2 2-1/2 lb. beef roasts, each with a layer of fat
Olive oil
Adobo seasoning
Cajun seasoning
Red pepper flakes
1 quart of beef broth
Flour
Smoked paprika
Preparation
Take the roasts and rub them with olive oil. Place them, fat side up, in a cast iron skillet. Season them with adobo seasoning and cajun seasoning. Don’t measure, just sprinkle both on heavily. Now sprinkle on some red pepper flakes. Let the beef sit at room temperature while you prepare grill.
You need a big enough grill, so you can light two piles of charcoal and still fit the cast iron pan between them, without being directly over the coals. To light the coals, make two piles of charcoal and then go break up some hardwood branches and pile the sticks on top of the coals. Light the sticks with a propane torch. The sticks will burn down and light the coals. I never use charcoal starter. I like my food to taste like wood smoke, not lighter fluid.
When some of the coals start to glow, place the cast iron pan with the beef, on the grate, centered between the two fires. Close the lid. My charcoal piles were fairly deep, so this cooked faster than I expected. In an hour and a half, it was ready. I pull the beef off when an instant read thermometer shows 120º in the center of the roast. When it does, put the roasts onto a platter in a warm place to rest while you make gravy.
For the gravy, place the cast iron skillet on the stove. You should have a nice amount of beef fat in it. Turn the stove on medium high. Add enough flour (and about a teaspoon of smoked paprika) to absorb the fat, but still be somewhat wet while you stir it.

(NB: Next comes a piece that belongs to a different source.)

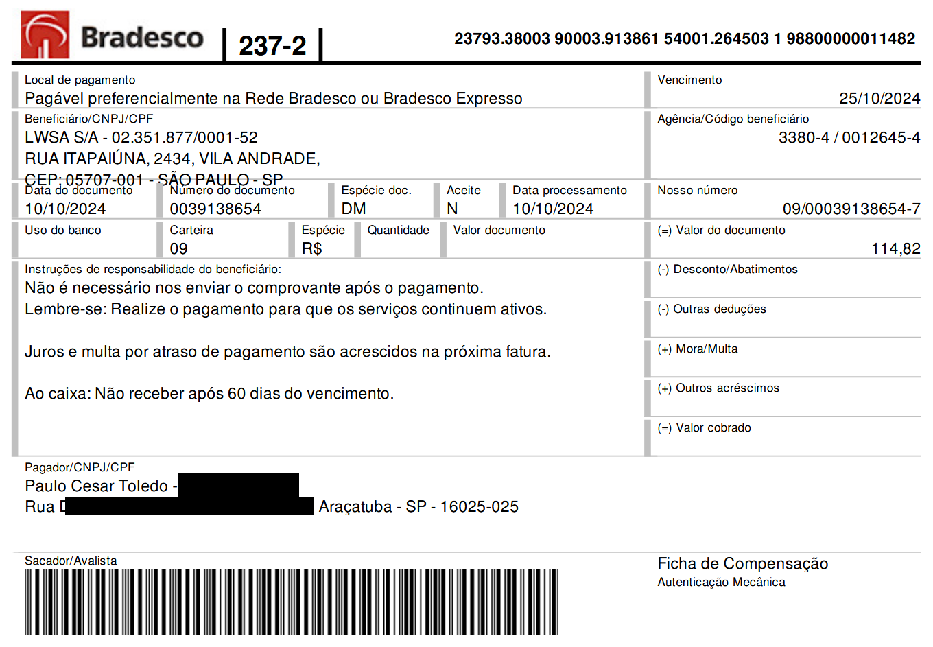 Digitável: 23793.38003 90003.834513 03001.264500 6 96060000011482
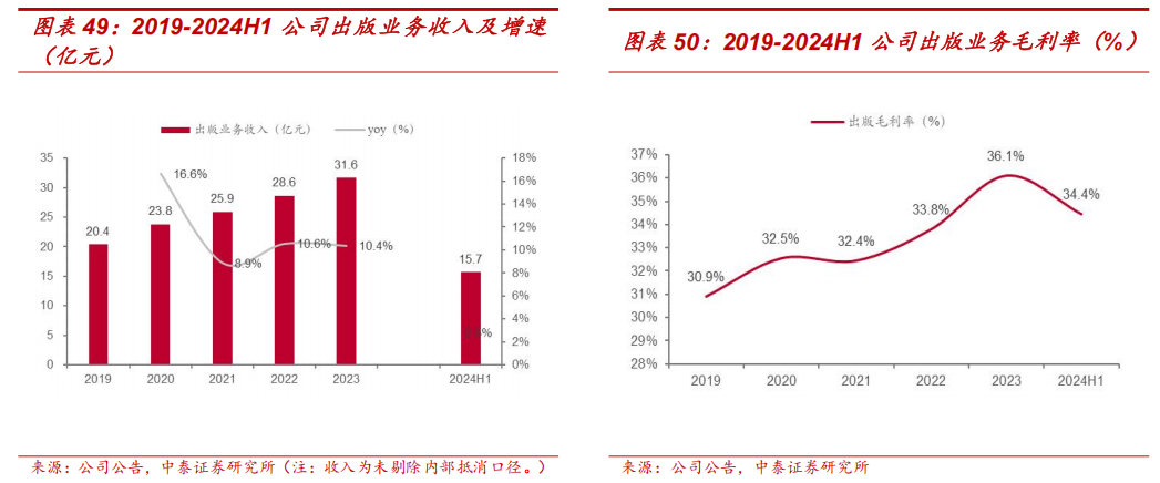 主业稳步推动收入稳中向上。2019-2023 年,公司因时而进,在推进创新业务探索的同时,聚焦主业,虽然 2021 年收入受疫情等因素影响有所承压,但整体营收仍然稳定,从 95.0 亿元增长至 98.3 亿元,4 年 CAGR 达 0.9%。其中,主业出版及发行业务(未剔除内部抵消口径)4 年 CAGR 分别达 11.6%及 3.3%,稳步推动公司收入向上。

Stir the flour for a couple of minutes, scraping up the stuff that stuck to the pan. Add beef broth, about a cup at a time, and stir. After each addition, bring it to a boil. Keep adding broth until you have a nice gravy, with just the right thickness. Taste and adjust the gravy for salt and pepper. Add the gravy to a bowl. Slice the beef thin and place it on a warm serving platter. Pour any juices from the beef into the gravy.
Serving
Serve lots of beef next to a large boiled potato, that has been broken apart with a fork. Cover both with gravy. Add some broccoli that was sautéed with garlic, some homemade bread, and open a good bottle of Cabernet Sauvignon. Dinner is served.